Task prompt: Leave out the pictures, and retype the remaining data exactly.

Given material:
____

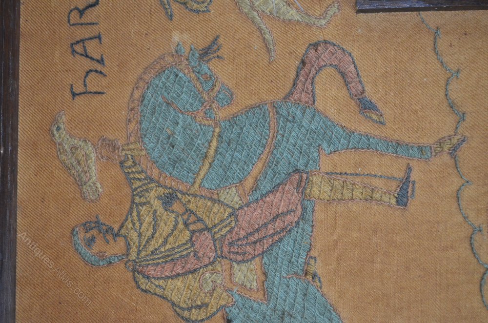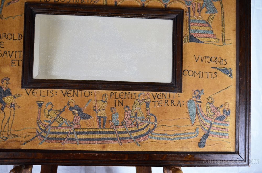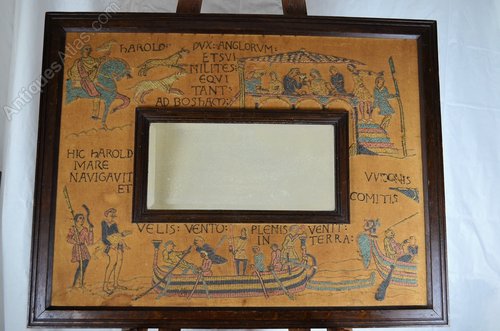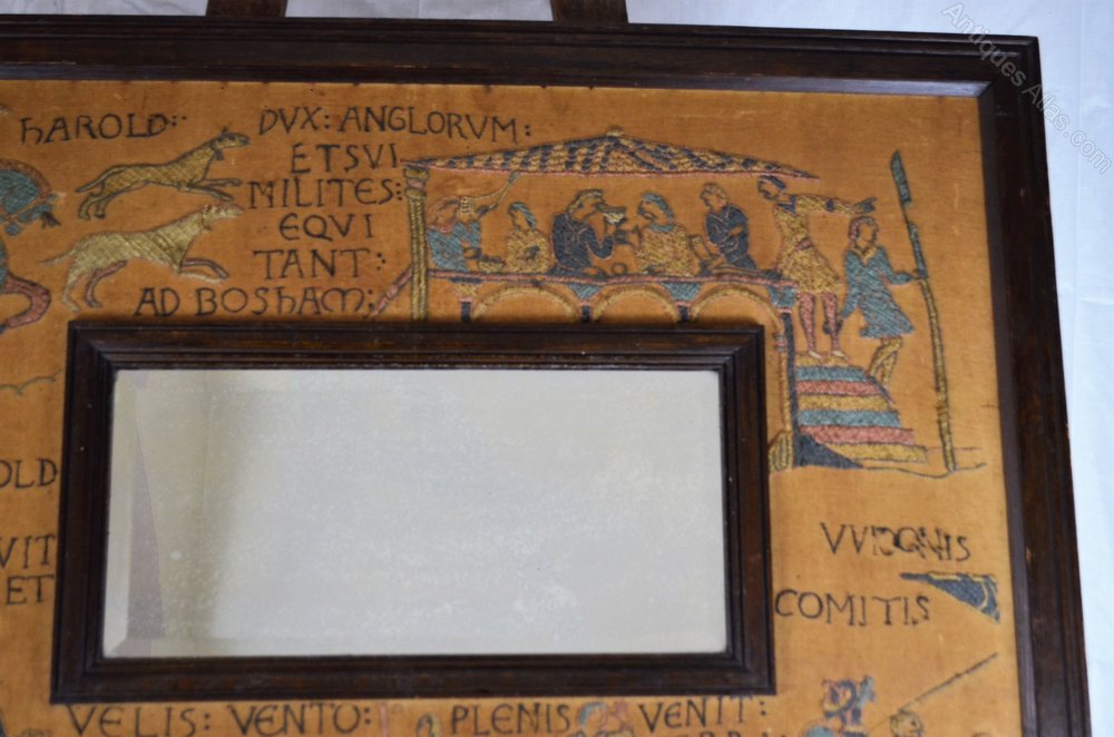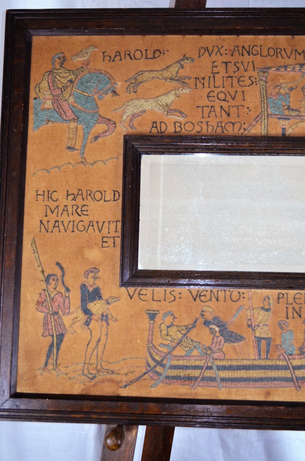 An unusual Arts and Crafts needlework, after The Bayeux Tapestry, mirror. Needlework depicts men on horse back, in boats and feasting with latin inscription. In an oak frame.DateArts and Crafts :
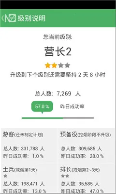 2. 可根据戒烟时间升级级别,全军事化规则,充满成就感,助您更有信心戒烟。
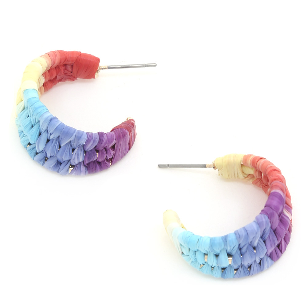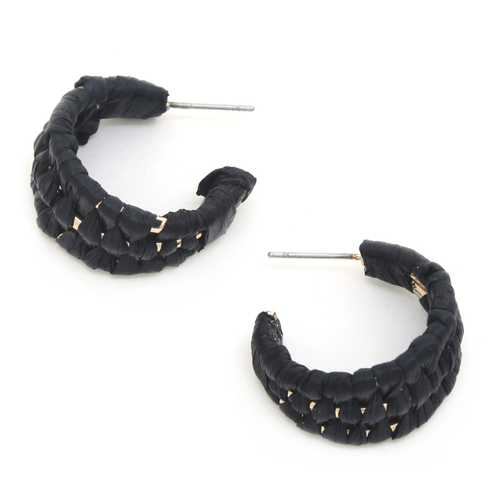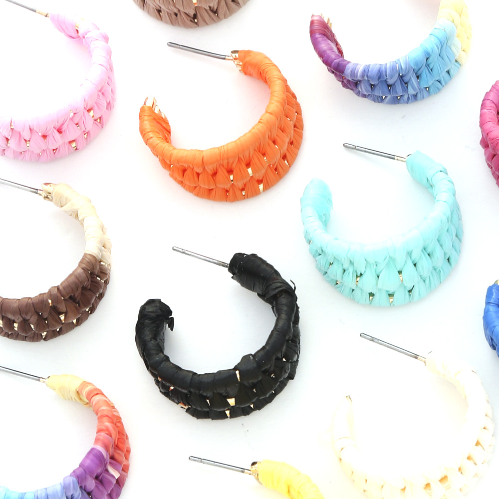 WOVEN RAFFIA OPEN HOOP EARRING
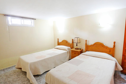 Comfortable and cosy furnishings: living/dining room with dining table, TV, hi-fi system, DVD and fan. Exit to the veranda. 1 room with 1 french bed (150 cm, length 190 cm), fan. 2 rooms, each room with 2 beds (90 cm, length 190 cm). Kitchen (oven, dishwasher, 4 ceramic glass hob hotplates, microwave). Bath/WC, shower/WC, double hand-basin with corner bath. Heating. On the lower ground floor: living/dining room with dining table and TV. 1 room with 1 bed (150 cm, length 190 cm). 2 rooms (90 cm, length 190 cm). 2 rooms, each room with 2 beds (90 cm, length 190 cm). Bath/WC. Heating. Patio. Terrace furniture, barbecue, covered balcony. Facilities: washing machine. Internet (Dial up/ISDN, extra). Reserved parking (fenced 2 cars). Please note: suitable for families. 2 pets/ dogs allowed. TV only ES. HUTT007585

____

Solution to this problem:
 An unusual Arts and Crafts needlework, after The Bayeux Tapestry, mirror. Needlework depicts men on horse back, in boats and feasting with latin inscription. In an oak frame.DateArts and Crafts :
 2. 可根据戒烟时间升级级别,全军事化规则,充满成就感,助您更有信心戒烟。
 WOVEN RAFFIA OPEN HOOP EARRING
 Comfortable and cosy furnishings: living/dining room with dining table, TV, hi-fi system, DVD and fan. Exit to the veranda. 1 room with 1 french bed (150 cm, length 190 cm), fan. 2 rooms, each room with 2 beds (90 cm, length 190 cm). Kitchen (oven, dishwasher, 4 ceramic glass hob hotplates, microwave). Bath/WC, shower/WC, double hand-basin with corner bath. Heating. On the lower ground floor: living/dining room with dining table and TV. 1 room with 1 bed (150 cm, length 190 cm). 2 rooms (90 cm, length 190 cm). 2 rooms, each room with 2 beds (90 cm, length 190 cm). Bath/WC. Heating. Patio. Terrace furniture, barbecue, covered balcony. Facilities: washing machine. Internet (Dial up/ISDN, extra). Reserved parking (fenced 2 cars). Please note: suitable for families. 2 pets/ dogs allowed. TV only ES. HUTT007585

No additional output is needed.